That is - I might visit nyt.com, and have no problem have them tracking who I
am, (I.E. that I have a subscription and can see more than 20 articles /
month) - but I would prefer that the underlying advertisers not be able to
track me from site to site just because they happen to be one of the
advertisers on nyt.com (and whatever other web pages I visit - eventually they
would start to build a pretty significant profile around me)

It may be the case that there are some legitimate (and useful) cases where
third-party cookies are useful - but, if that's the case, I'd rather
_explicitly_ allow that use, rather than have it allowed by default.
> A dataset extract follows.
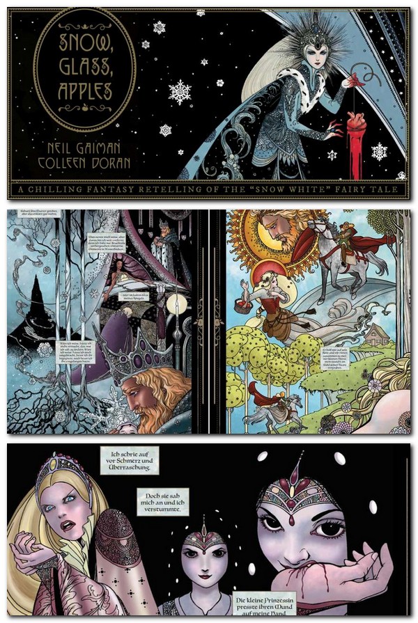 2019. gadā Kolīna Dorana to adaptēja grafiskā romānā, ko publicēja Dark Horse Comics. Adaptācija ieguva 2020. gada Eisnera balvu par labāko adaptāciju no cita medija. Šausmu rakstnieku asociācija arī pasniedza grafisko romānu "Sniegs, stikls, āboli" Brema Stokera izcilāko sasniegumu grafiskā romāna balvu.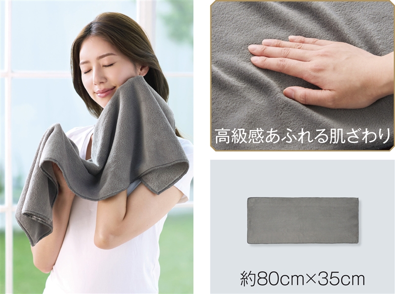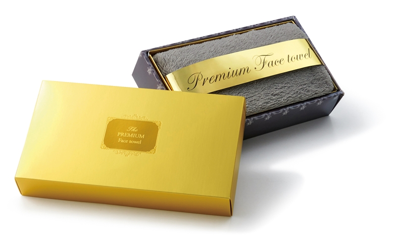 お肌にやさしくふれるやわらかな手ざわりのフェイスタオル。ゴールドの帯を巻いて、箱を開けた時の驚きまでもプレミアム。贈答品に最適な身蓋式の化粧箱がその価値をさらに高めます。

Hard to imagine very many people who would prefer the third-party tracking by
default - and I vote for inconveniencing that small group of people, in order
to protect the privacy of the much larger group who don't even know what a
"cookie" is or how it works.

------
Sander_Marechal
Good story, but there's one thing missing: Safari on iOS does not block 3rd
party cookies by default. It blocks them until you interact with a 3rd party
element on the site. Then it accepts them. And Google exploited that by faking
an interaction with a 3rd party element.

This "3rd party cookie only on interaction" is a setting that most desktop
browsers don't have. You can either accept or deny 3rd party cookies. So, in
that regard Safari on iOS _is_ different than the rest. But I'd argue that
it's a very sane default setting and I hope that normal browsers everywhere
start adding this setting too. I'd use it!

------
zeppelin_7
Gruber makes an assumption that the only thing that third party cookies are
used for is ad networks and tracking. A whole bunch of common (especially the
new social tools) you use rely on third party cookies.

Its not 3rd party cookies to blame, its their use. There are legitimate uses
for third party cookies. If I care about blocking ad networks, I use an ad
blocker. I just dont go ahead and limit the functionality that these cookies
offer.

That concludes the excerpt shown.